Last edit March 1, 2006
obviously, an example of a "great mind."

GregoryBateson was an anthropologist and philosopher who applied cybernetics to the life sciences.

http://en.wikipedia.org/wiki/Gregory_Bateson


In his books, he defines the basic unit of information as a DifferenceThatMakesaDifference and elaborates this idea into the growth processes of life, the mind, and the universe, seeing the world around us and in us as intertwined communication circuits (YouCannotNotCommunicate - not by GB but related)

He claimed that progress in thinking is made by the interplay of strict and loose thinking, and that TheMapIsNotTheTerritory.

When studying the world, he always tried to understand the whole of the picture.
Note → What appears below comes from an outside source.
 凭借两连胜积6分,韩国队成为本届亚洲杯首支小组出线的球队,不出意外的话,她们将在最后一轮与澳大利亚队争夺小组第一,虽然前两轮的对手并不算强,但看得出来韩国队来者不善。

He was looking for the ThePatternWhichConnects in superficially diverse areas as:

  • Mind and nature (also the title of one of his last books)
  • Human culture (he studied the folks over at PapuaNewGuinea as well as the rest of the world)
  • Learning, learning to learn, learning to learn to learn...
  • Creativity, humor, schizophrenia, alcoholics
  • Language and communication processes in and between cultures, cells, the universe, steam engines, trees, governments, humans and dolphins, cats, dogs
  • Growth
  • Complexity and combination of information, as related to:
  • Moire effects, holography, the stripes of zebras
  • InformationTheory, system theory
  • Symmetry in flowers and armaments races
  • this list could go on forever, so you should read his books

It feels like one of his passions was to make the patterns behind communication processes evident and find explicit knowledge about them.
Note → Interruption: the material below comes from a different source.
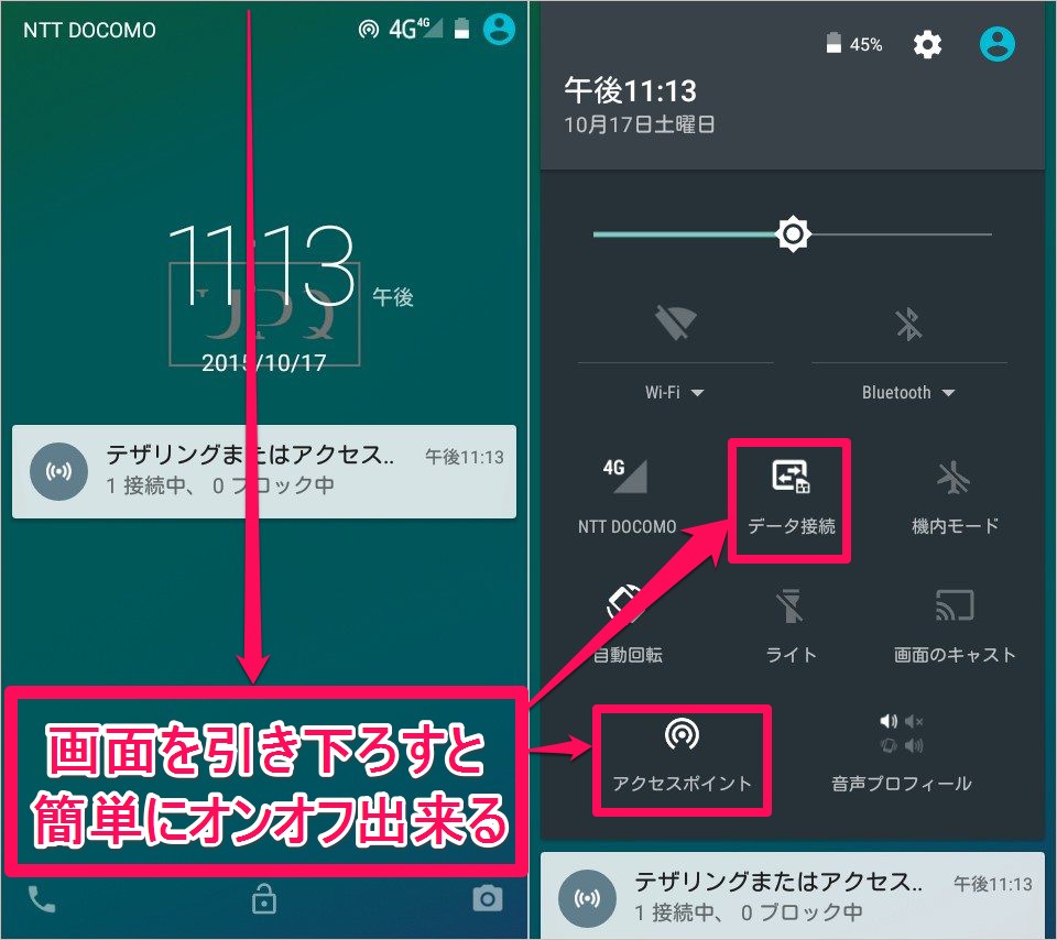 ↓ロック状態でもサクッとアクセスポイントやデータ接続のオンオフが可能で便利。

Some of his books include:

  • "Steps to an Ecology of Mind. Collected Essays in Anthropology, Psychiatry, Evolution, and Epistemology", ISBN 0226039056 his chef d'oeuvre, methinks
  • "Mind and Nature : A Necessary Unity", [ASIN: 0525155902], every schoolboy should know
  • "Naven", about his experiences in PapuaNewGuinea

He was married with anthropologist MargaretMead, their daughter is named Mary Catherine.

GregoryBateson died in 1980, but his spirit will live on for a long time.

-- ManuelSimoni

Please feel free to edit and amend.


The Manuscript

Gregory Bateson, Esalen, October 5, 1978

 So there it is in words
 Precise
 And if you read between the lines
 You will find nothing there
 For that is the discipline I ask
 Not more, not less 

Not the world as it is Nor ought to be - Only the precision The skeleton of truth I do not dabble in emotion Hint at implications Evoke the ghosts of old forgotten creeds.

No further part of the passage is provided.